The Searcher Factory

Recall that our generic schedulers, such as FIFOScheduler or HyperbandScheduler allow the user to choose a searcher via the string argument searcher, and to configure the searcher (away from defaults) by the dictionary argument search_options. While searcher can also be a BaseSearcher instance, it is simpler and more convenient to choose the searcher by name. For example:

  • Generic schedulers only work with certain types of searchers. This consistency is checked when searcher is a name, but may lead to subtle errors if not.

  • Several arguments of a searcher are typically just the same as for the surrounding scheduler, or can be inferred from arguments of the scheduler. This can become complex for some searchers and leads to difficult boiler plate code in case searcher is to be created by hand.

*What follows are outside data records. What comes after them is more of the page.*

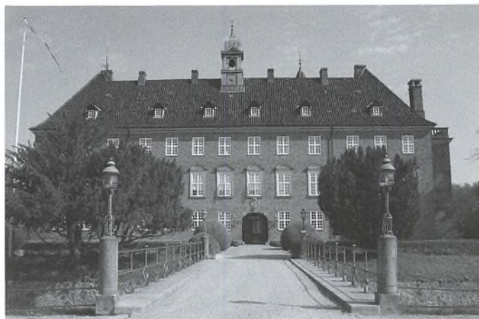
Vemmetofte i dag.

Efter prins Carls død i 1729 arvede prinsessen Vemmetofte og Højstrup, og takket være hendes overkammerherre Carl Adolf von Plessen, blev der efter hendes død i 1735 oprettet et adeligt frøkenkloster.
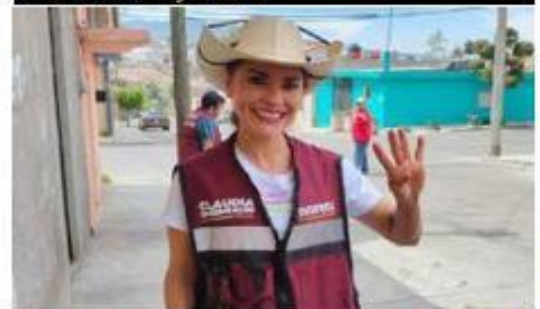
La Sala Regional Toluca del TEPJF confirmó el triunfo de Nalleli Pedraza Huerta como diputada local por el distrito 17 de Morelia.
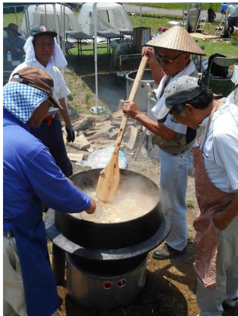
大がまでトン汁を仕込みます
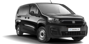
Metallic Black (632) (metalliväri)

  • While not covered in this tutorial, constructing schedulers and searchers for Gaussian process based Bayesian optimization and its extensions to multi-fidelity scheduling, constrained or cost-aware search is significantly more complex, as can be seen in syne_tune.optimizer.schedulers.searchers.gp_searcher_factory.

It is the purpose of searcher_factory() to create the correct BaseSearcher object for given scheduler arguments, including searcher (name) and search_options. Let us have a look how the constructor of FIFOScheduler calls the factory. We see how scheduler arguments like metric, mode, points_to_evaluate are just passed through to the factory. We also need to set search_options["scheduler"] in order to tell searcher_factory which generic scheduler is calling it.

The searcher_factory() code should be straightforward to understand and extend. Pick a name for your new searcher and set searcher_cls and supported_schedulers (the latter can be left to None if your searcher works with all generic schedulers). The constructor of your searcher needs to have the signature

def __init__(self, config_space: dict, metric: str, **kwargs):

Here, kwargs will be fed with search_options, but enriched with fields like mode, points_to_evaluate, random_seed_generator, scheduler. Your searcher is not required to make use of them, even though we strongly recommend to support points_to_evaluate and to make use of random_seed_generator (as is shown here). Here are some best practices for linking a new searcher into the factory:

  • The Syne Tune code is written in a way which allows to run certain scenarios with a restricted set of all possible dependencies (see FAQ). This is achieved by conditional imports. If your searcher requires dependencies beyond the core, please make sure to use try ... except ImportError as you see in the code.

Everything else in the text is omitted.